Given an array of objects named allItems which is pre-sorted, but cannot be sorted again from the information it contains - what is an alternative implementation to the reduce function below that will retain the sorted order of allItems?

The logic below will output:

[{ id: 'd' }, { id: 'a' }, { id: 'b' }]

The desired output is:

[{ id: 'a' }, { id: 'b' }, { id: 'd' }]
// NOTE: allItems is pre-sorted, but lacks the information to re-sort it
const allItems = [{id:'a'}, {id:'b'}, {id:'c'}, {id:'d'}, {id:'e'}, {id:'f'}];

const includedIds = ['d', 'a', 'b'];

// QUESTION: How to create the same output, but in the order they appear in allItems
const unsortedIncludedItems = includedIds.reduce((accumulator, id) => {
  const found = allItems.find(n => n.id === id);
  if (found) accumulator.push(found);
  return accumulator;
}, [])

As mentioned in response to @Ben, simply reversing the logic is a deal breaker for performance reasons.

CodePudding user response:

Try .filter() to get the desired objects and then .sort(). The example below requires the original array (array = [{id:'a'}, {id:'b'}, {id:'c'},...]), the array of values (vArray = ['d', 'b', 'a']), and the property (key = 'id').
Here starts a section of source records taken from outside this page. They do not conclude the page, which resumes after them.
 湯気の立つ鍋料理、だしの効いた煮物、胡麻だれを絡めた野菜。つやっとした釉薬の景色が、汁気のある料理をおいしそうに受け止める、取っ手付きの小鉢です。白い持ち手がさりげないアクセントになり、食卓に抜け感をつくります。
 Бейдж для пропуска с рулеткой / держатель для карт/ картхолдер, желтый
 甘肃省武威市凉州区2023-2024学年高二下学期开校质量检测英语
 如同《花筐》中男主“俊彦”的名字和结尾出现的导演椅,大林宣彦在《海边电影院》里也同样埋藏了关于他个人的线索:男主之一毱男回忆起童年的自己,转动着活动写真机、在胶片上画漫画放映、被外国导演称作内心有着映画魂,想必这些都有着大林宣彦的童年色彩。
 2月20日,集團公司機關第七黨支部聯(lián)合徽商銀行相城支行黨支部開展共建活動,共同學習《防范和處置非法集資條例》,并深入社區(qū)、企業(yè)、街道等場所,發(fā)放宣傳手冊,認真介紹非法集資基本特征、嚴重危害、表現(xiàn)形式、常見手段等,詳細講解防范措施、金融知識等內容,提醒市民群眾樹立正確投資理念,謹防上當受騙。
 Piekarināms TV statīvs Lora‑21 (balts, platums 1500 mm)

const all = [{id:'a'}, {id:'b'}, {id:'c'}, {id:'d'}, {id:'e'}, {id:'f'}];

const values = ['d', 'a', 'b'];

const sortByStringValue = (array, vArray, key) => array.filter(obj => vArray.includes(obj[key])).sort((a, b) => a[key].localeCompare(b[key]));

console.log(JSON.stringify(sortByStringValue(all, values, 'id')));
<iframe name="sif1" sandbox="allow-forms allow-modals allow-scripts" frameborder="0"></iframe>

CodePudding user response:

Instead of iterating over the includedIds (in the wrong order) and seeing whether you can find them in allItems, just iterate over allItems (which is the right order) and see whether you can find their ids in includedIds:

const allItems = [{id:'a'}, {id:'b'}, {id:'c'}, {id:'d'}, {id:'e'}, {id:'f'}];

const includedIds = ['d', 'a', 'b'];

const includedItems = allItems.filter(item => includedIds.includes(item.id));

CodePudding user response:

The issue you have here is that your code reverses the list. You can simply push to the front of the list instead, and the original order will be maintained.
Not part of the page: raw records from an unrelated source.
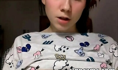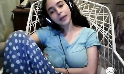 Nineteen year old busty webcam girl with innocent face touches her gigantic natural ti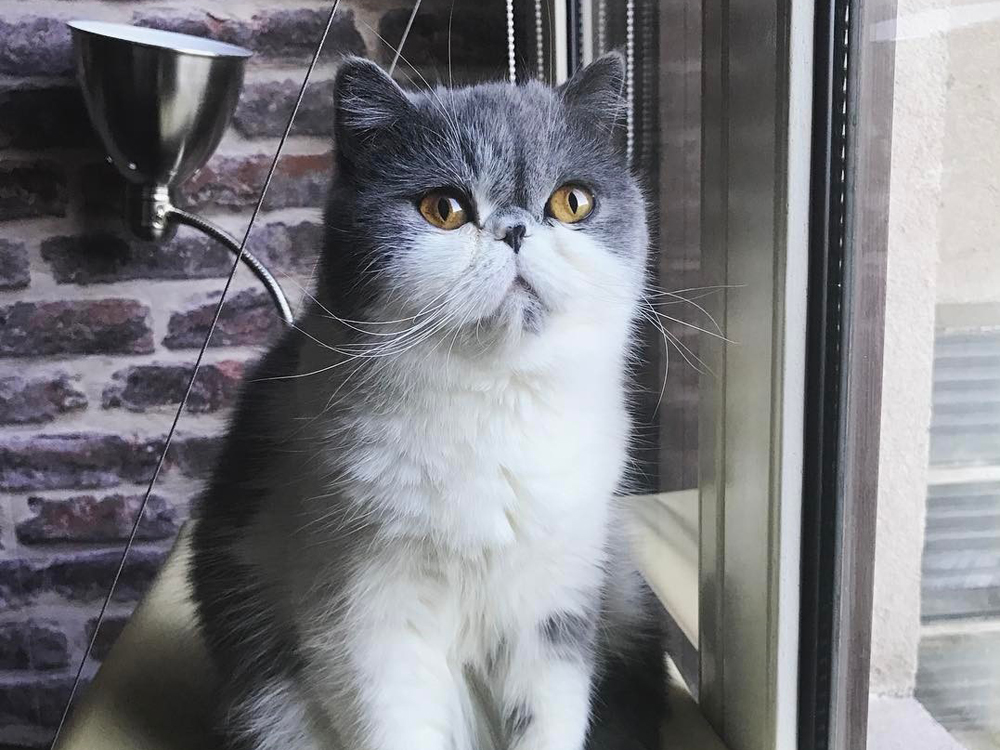 Su pelo gris y blanco trasmite calma y nos recuerda al invierno. ¡Dan ganas de abrazarle! Vía: Instagram @lilyblue_exoticshorthair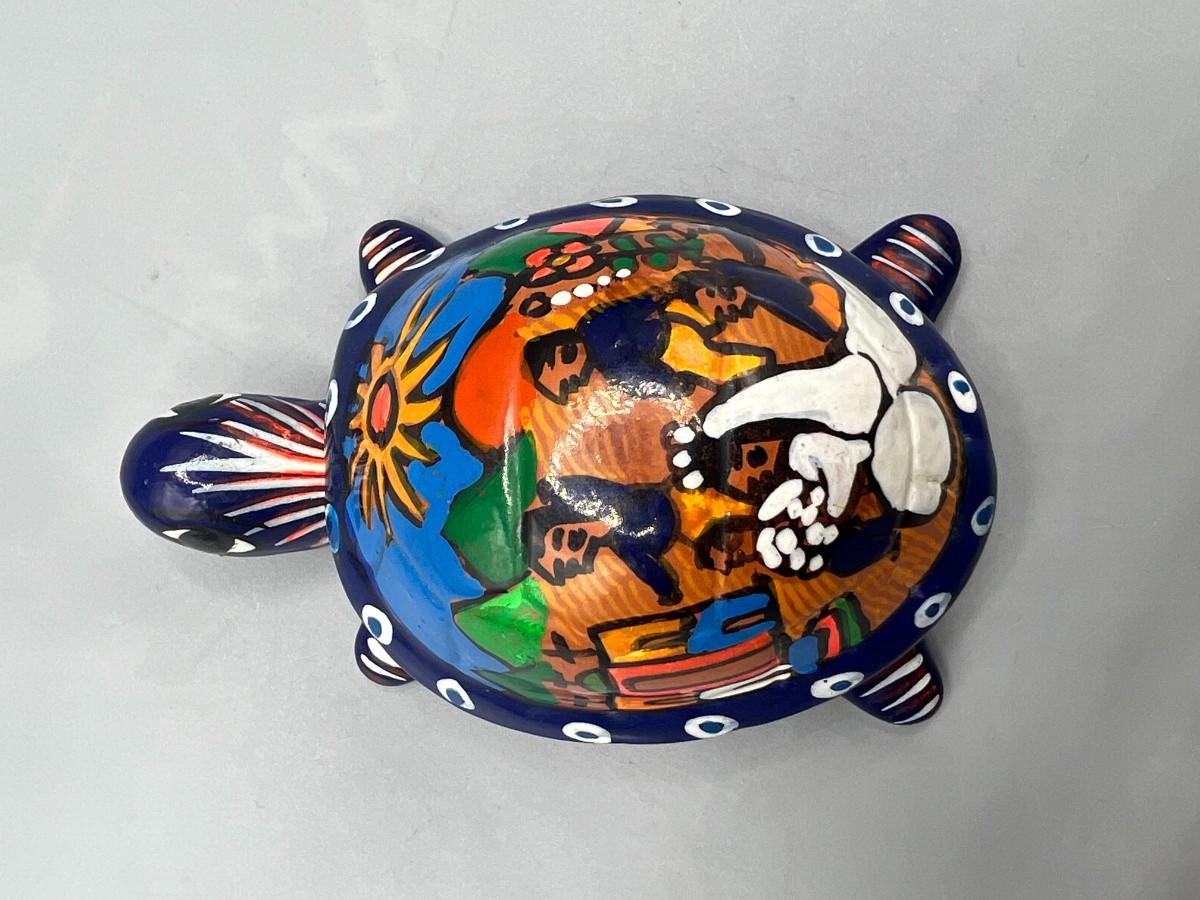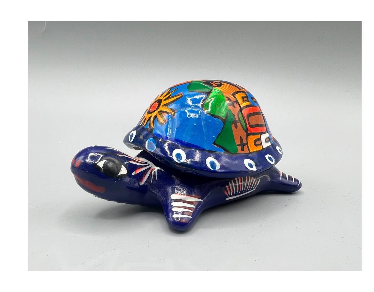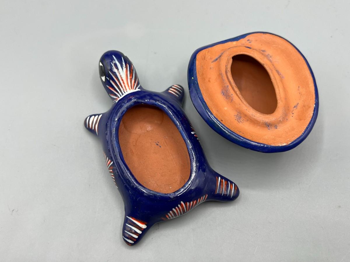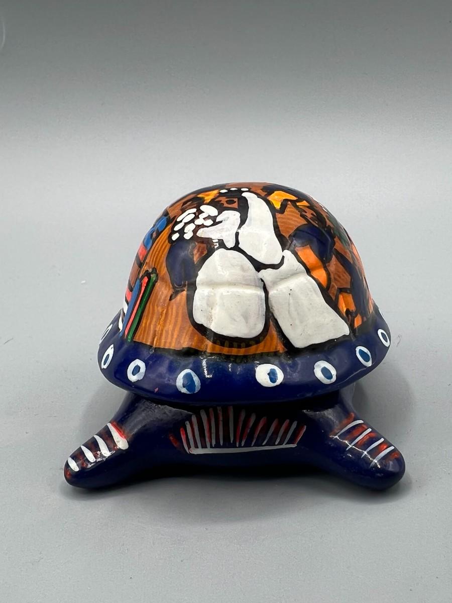 Vintage Mexican Folk Art Handmade Ceramic Pottery of Turtle Depicting Wedding Ceremony, there is no significant damage to the pottery and is in good displayable condition. Check pictures for more details and for sizing.

Unfortunately, pushing to the front of a list is slower, it's O(n) rather than O(1). It looks like Array.prototype.unshift is supposed to be faster, but it's still O(n) according to this blog. Assuming that the number of found elements is small you won't notice any performance issues. In that case, replace push with unshift like so:

// NOTE: allItems is pre-sorted, but lacks the information to re-sort it
const allItems = [{id:'a'}, {id:'b'}, {id:'c'}, {id:'d'}, {id:'e'}, {id:'f'}];

const includedIds = ['d', 'a', 'b'];

// QUESTION: How to create the same output, but in the order they appear in allItems
const unsortedIncludedItems = includedIds.reduce((accumulator, id) => {
  const found = allItems.find(n => n.id === id);
  if (found) accumulator.unshift(found);
  return accumulator;
}, [])

Otherwise, these are your options:

  1. Create a wrapper around this object that reverses the indexes rather than the array. This can be done with a function like this:

    const getFromEnd = (arr, i) => arr[arr.length - 1 - i]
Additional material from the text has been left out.